Lassen held a number of major professional positions. He was one of the founders of the International Society of Cerebral Blood Flow and Metabolism and its publication the Journal of Cerebral Blood Flow and Metabolism. He was a member of the Danish Medical Research Council and the Royal Danish Academy of Science. He was Doctor Honoris Causa at the Universities of Lund, Copenhagen, Lille, and Toulose. He received the Novo Award, the Anders Jahres Medical Award, the Lundbeck Foundation's Research Award, the Johan M. Klein's Award, the George Heresy Award of the Society of Nuclear Medicine, the Soriano Award, the Mogens Fog Award, and finally, the Lifetime Achievement Award from the International Society of Cerebral Blood Flow and Metabolism.
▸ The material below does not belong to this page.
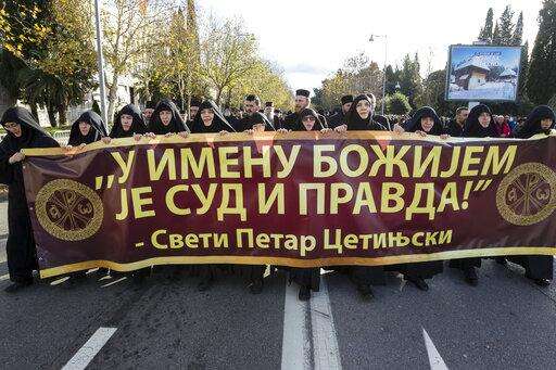 Serbian Orthodox Church clergy in Montenegro march and hold a banner reading: ''Judgment and Justice are in God's name'' as they protest the planned adoption of a religious law that they say will pave the way to strip the church of its property, in Podgorica, Montenegro, Tuesday, Dec. 24, 2019. Montenegro's pro-Western president has accused the church of promoting pro-Serb policies in Montenegro and seeking to undermine the country's statehood since it split from Serbia in 2006. (AP Photo/Risto Bozovic) The Associated Press

Lassen enjoyed collaboration with many researchers worldwide. It was also a great pleasure for him to travel to meetings and other research laboratories to discuss and conduct science and achieve new insight into the mysteries of brain function. He was a highly appreciated speaker and visiting scientist. His international collaborations are reflected in his list of publications that contains 696 articles with the majority being original scientific publications and major reviews in well-established journals and textbooks. Here one finds more than one thousand different coauthors.
With Lassen's death, international and Danish neuroscience has lost one of its most prominent representatives. He was an outstanding mentor and an eager and enthusiastic personality who could offer constructive criticism and elaborate broadly about his ideas, primarily to promote science completely free of any personal vanity. Niels' death has left a void, but his ideas, thoughts, enthusiasm, and spiritual presence will live in a new generation of researchers who owe him more than can be expressed in words.